*Work instructions*. Can you transcribe the data exactly? Leave the pictures out.

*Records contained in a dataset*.

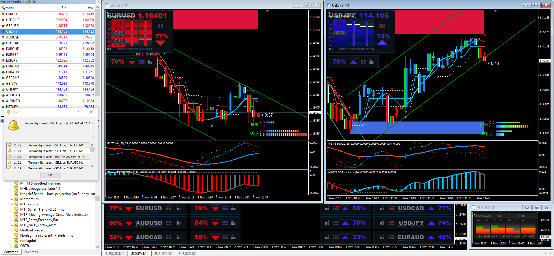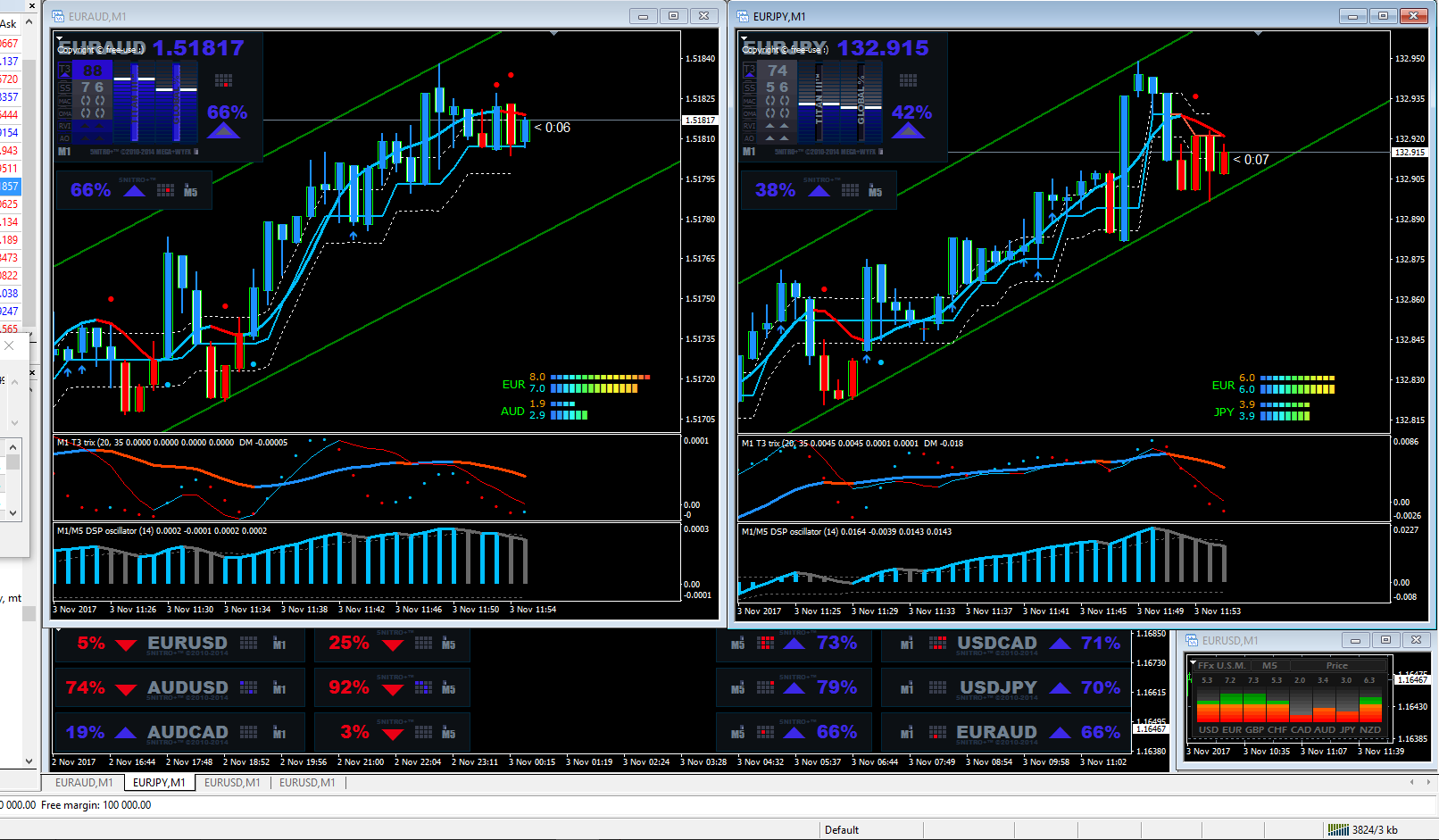 m1 EURUSD 50% trending and H1 GBPUSD -91% breaking in lower corner of your image
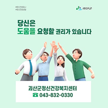 [괴산소식] 괴산군정신건강복지센터 운영안내 정신건강에 어려움이 있다면 도움을 요청하세요! [운영안내] 대상: 괴산군민, 괴산군소재 직장인, 학생 등 내용: 정신건강검사 및 상담(우울, 불안, 스트레스, 자살사고 등) 비용: 무료 운영: 평일 09:0018:00 어떻게 도움을 받나요 ? 24시간 정신건강상담전화 . 1577-0199 괴산군정신건강복지센터 . 043-832-0330 (평일 09:0018:00) 삶이 지치고 힘들 때 전화주세요
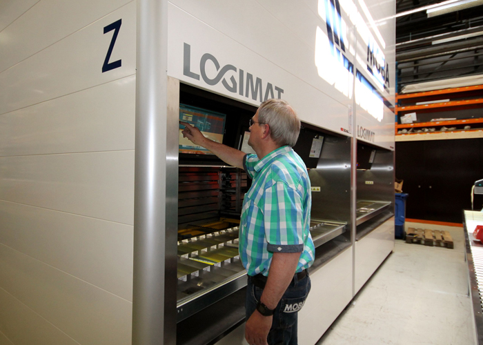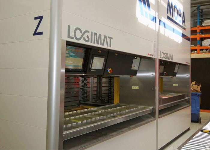 De LogiMat is een geautomatiseerde opslag- en orderverzameloplossing op basis van het goods-to-man principe. In deze ladekast met twee rijen trays worden de assemblage onderdelen voor de eisorteer- en verpakkingsmachines, voornamelijk elektronische en pvc componenten, compact opgeslagen. Moba heeft in totaal zo’n 24.000 artikelen op voorraad, waarvan 14.500 artikelen opgeslagen in zes plateauliften.
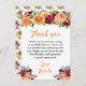 Autumn Burgundy and Orange Floral Bridal Shower Thank You Card
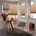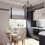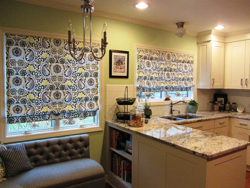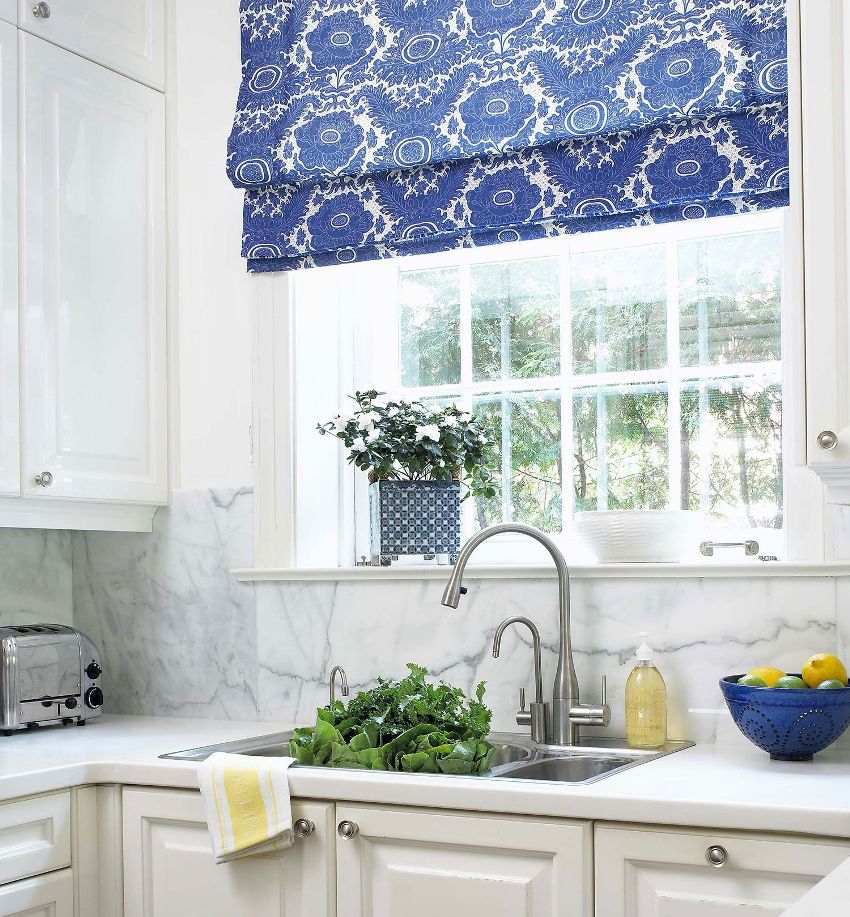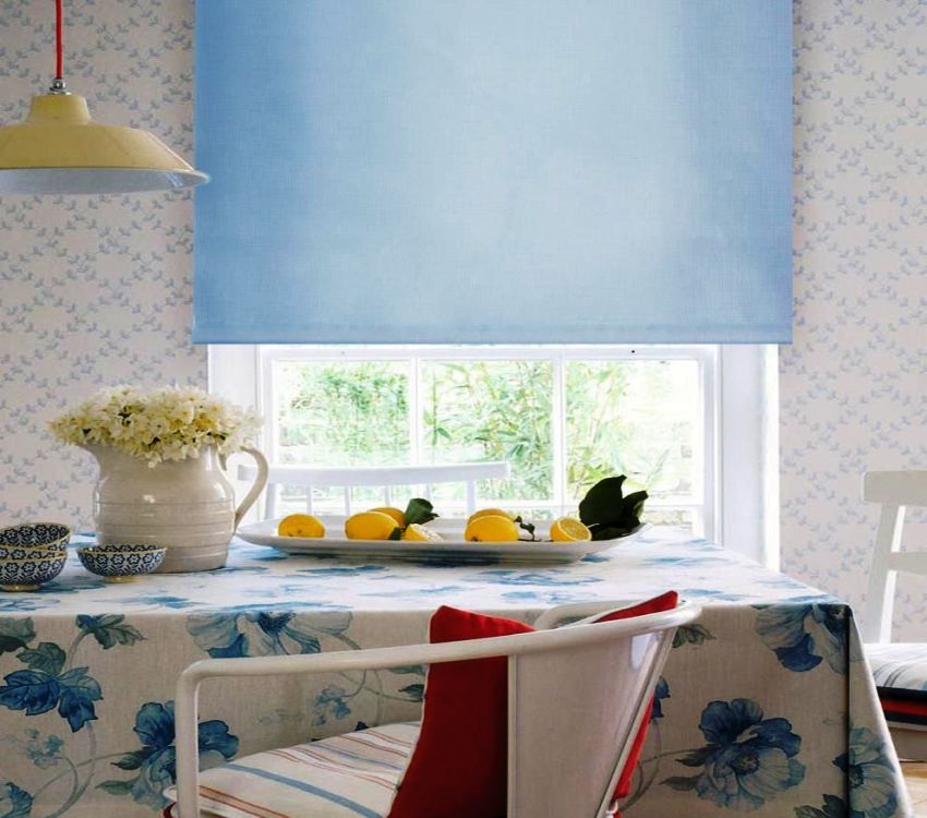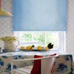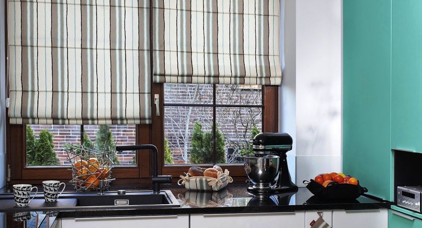 The main condition when choosing Roman blinds is not to be mistaken with the fabric. If the room is sufficiently lit, then models made in warm pastel colors are suitable. The presence of a small pattern is allowed. If the kitchen is quite light, then you can choose a contrasting color. Due to the fact that the fabric for Roman blinds is impregnated with special compounds, it practically does not fade in the sun and retains an attractive appearance for a long time.
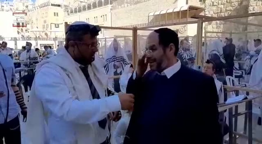 • והנה, חבר-הכנסת החדש איתמר בן גביר בסוד שיח עם הזמר והיוצר אהרן רזאל, סמוך ונראה לכותל המערבי.
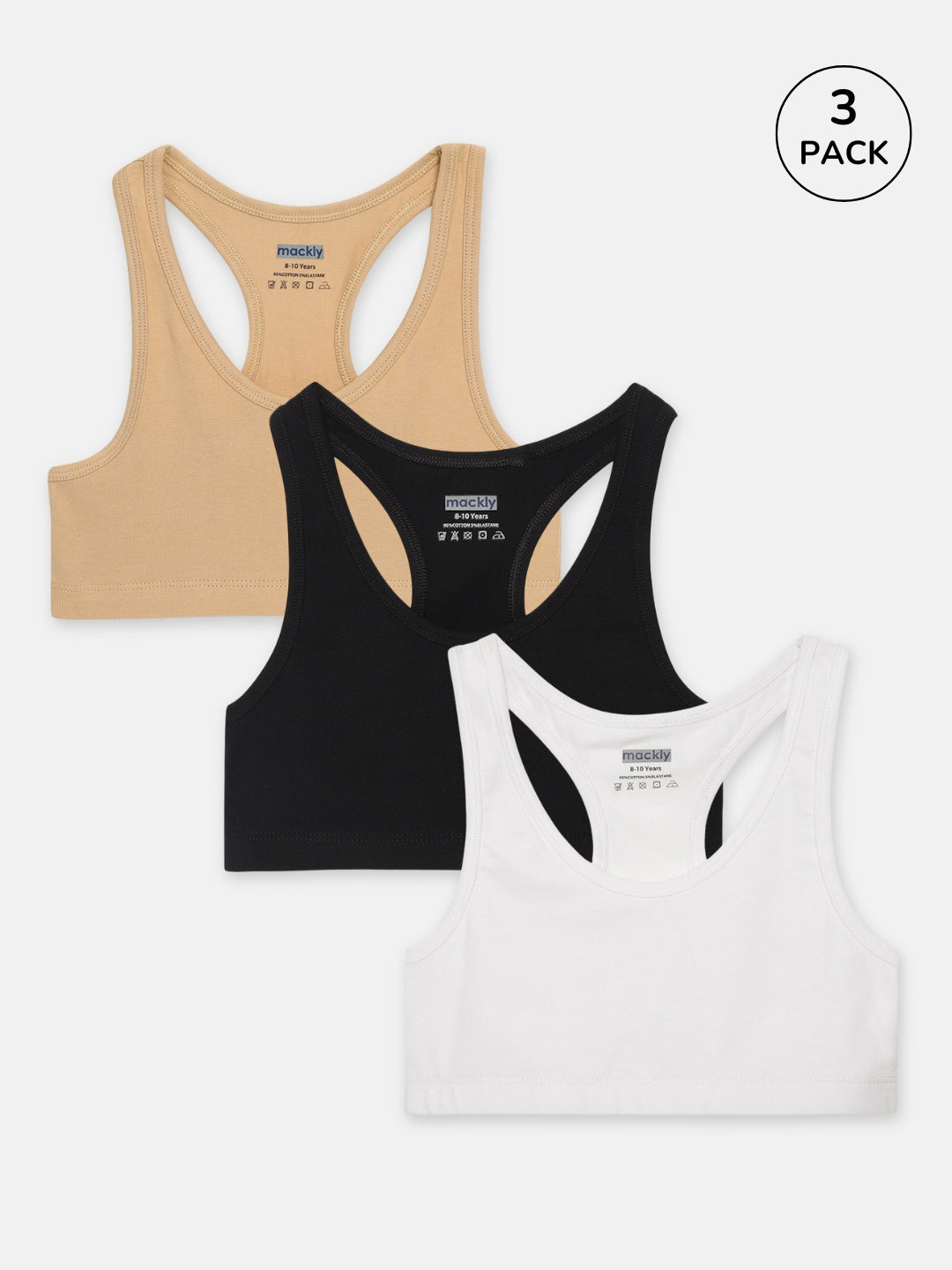 The Mackly Girls Racerback Trainer Bra – Pack of 3 is thoughtfully designed for young girls beginning their innerwear journey, offering gentle support and all-day comfort. Made from soft, breathable cotton knit, this non-padded, wire-free bra feels light and soothing on sensitive skin.
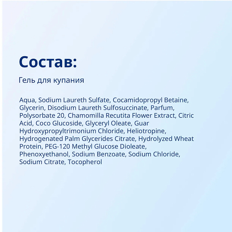Aqua, Sodium Laureth Sulfate, Cocamidopropyl Betaine, Glycerin, Disodium Laureth Sulfosuccinate, Parfum, Polysorbate 20, Chamomilla Recutita Flower Extract, Citric Acid, Coco Glucoside, Glyceryl Oleate, Guar Hydroxypropyltrimonium Chloride, Heliotropine, Hydrogenated Palm Glycerides Citrate, Hydrolyzed Wheat Protein, PEG-120 Methyl Glucose Dioleate, Phenoxyethanol, Sodium Benzoate, Sodium Chloride, Sodium Citrate, Tocopherol
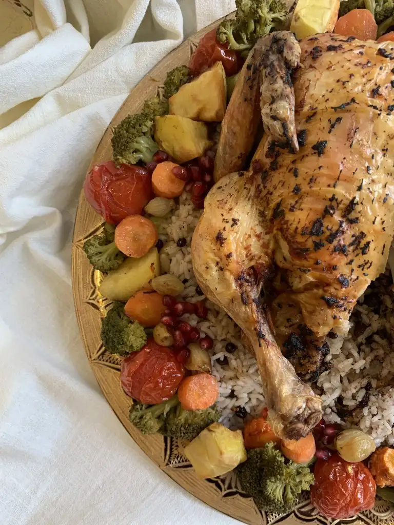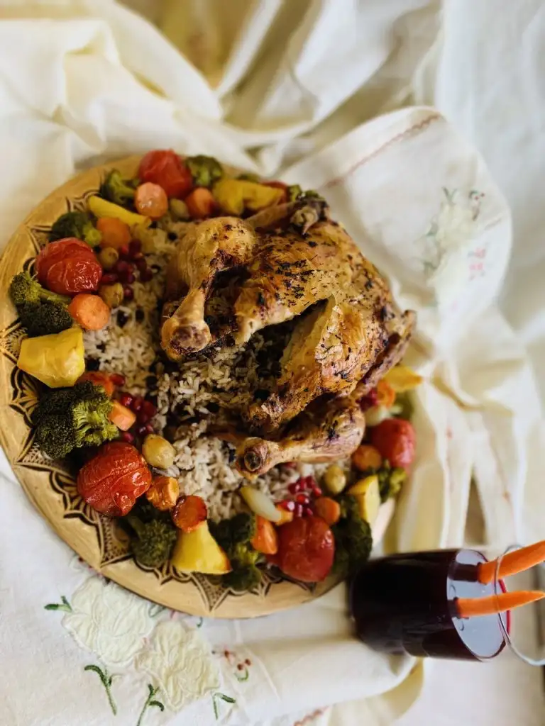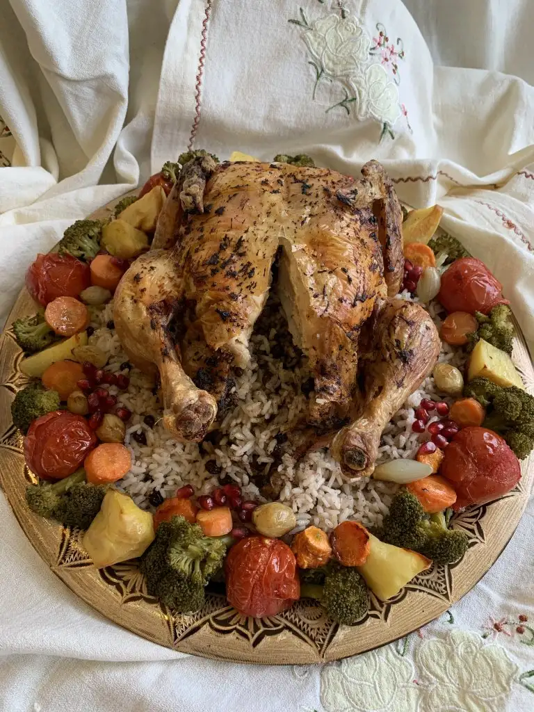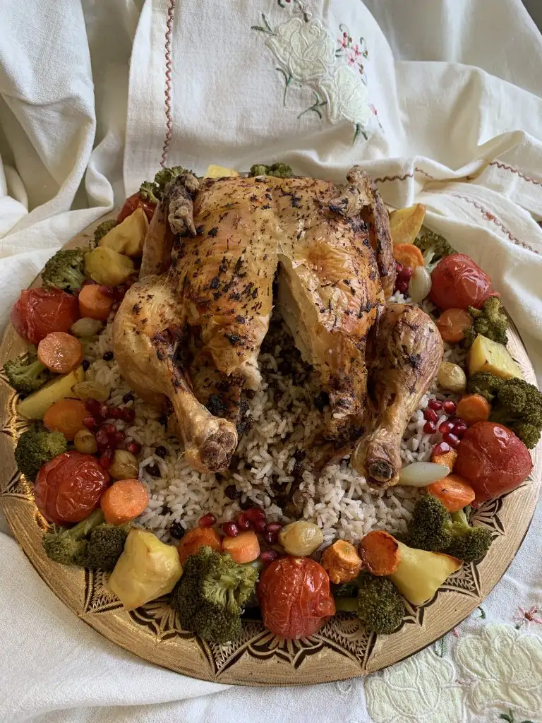 Diğer taraftan bütün tavuğumuz yıkanır.Tavuğun içi fazla bastırmadan pilavla doldurulur. Çok sıkıştırırsanız pilavınız hamur olabilir.Tavuğun ayakları ya derisinden geçirilerek sıkıştırılır veya kürdanla güzelce tutturulur ben kürdanla tutturdum, böylece pişerken açılması önlenmiş olur. Daha sonra tavuk ve havuç domates arpacık soğanı yağlanmış fırın kabına alınarak 185 derece fırında 60 dakika kadar pişirilir. Garnitürleri yumuşayınca fırından aldım tam 60 dk beklemedim onlar için.

*Answer to the problem*.
 m1 EURUSD 50% trending and H1 GBPUSD -91% breaking in lower corner of your image
 [괴산소식] 괴산군정신건강복지센터 운영안내 정신건강에 어려움이 있다면 도움을 요청하세요! [운영안내] 대상: 괴산군민, 괴산군소재 직장인, 학생 등 내용: 정신건강검사 및 상담(우울, 불안, 스트레스, 자살사고 등) 비용: 무료 운영: 평일 09:0018:00 어떻게 도움을 받나요 ? 24시간 정신건강상담전화 . 1577-0199 괴산군정신건강복지센터 . 043-832-0330 (평일 09:0018:00) 삶이 지치고 힘들 때 전화주세요
 De LogiMat is een geautomatiseerde opslag- en orderverzameloplossing op basis van het goods-to-man principe. In deze ladekast met twee rijen trays worden de assemblage onderdelen voor de eisorteer- en verpakkingsmachines, voornamelijk elektronische en pvc componenten, compact opgeslagen. Moba heeft in totaal zo’n 24.000 artikelen op voorraad, waarvan 14.500 artikelen opgeslagen in zes plateauliften.
 Autumn Burgundy and Orange Floral Bridal Shower Thank You Card
 The main condition when choosing Roman blinds is not to be mistaken with the fabric. If the room is sufficiently lit, then models made in warm pastel colors are suitable. The presence of a small pattern is allowed. If the kitchen is quite light, then you can choose a contrasting color. Due to the fact that the fabric for Roman blinds is impregnated with special compounds, it practically does not fade in the sun and retains an attractive appearance for a long time.
 • והנה, חבר-הכנסת החדש איתמר בן גביר בסוד שיח עם הזמר והיוצר אהרן רזאל, סמוך ונראה לכותל המערבי.
 The Mackly Girls Racerback Trainer Bra – Pack of 3 is thoughtfully designed for young girls beginning their innerwear journey, offering gentle support and all-day comfort. Made from soft, breathable cotton knit, this non-padded, wire-free bra feels light and soothing on sensitive skin.
Aqua, Sodium Laureth Sulfate, Cocamidopropyl Betaine, Glycerin, Disodium Laureth Sulfosuccinate, Parfum, Polysorbate 20, Chamomilla Recutita Flower Extract, Citric Acid, Coco Glucoside, Glyceryl Oleate, Guar Hydroxypropyltrimonium Chloride, Heliotropine, Hydrogenated Palm Glycerides Citrate, Hydrolyzed Wheat Protein, PEG-120 Methyl Glucose Dioleate, Phenoxyethanol, Sodium Benzoate, Sodium Chloride, Sodium Citrate, Tocopherol
 Diğer taraftan bütün tavuğumuz yıkanır.Tavuğun içi fazla bastırmadan pilavla doldurulur. Çok sıkıştırırsanız pilavınız hamur olabilir.Tavuğun ayakları ya derisinden geçirilerek sıkıştırılır veya kürdanla güzelce tutturulur ben kürdanla tutturdum, böylece pişerken açılması önlenmiş olur. Daha sonra tavuk ve havuç domates arpacık soğanı yağlanmış fırın kabına alınarak 185 derece fırında 60 dakika kadar pişirilir. Garnitürleri yumuşayınca fırından aldım tam 60 dk beklemedim onlar için.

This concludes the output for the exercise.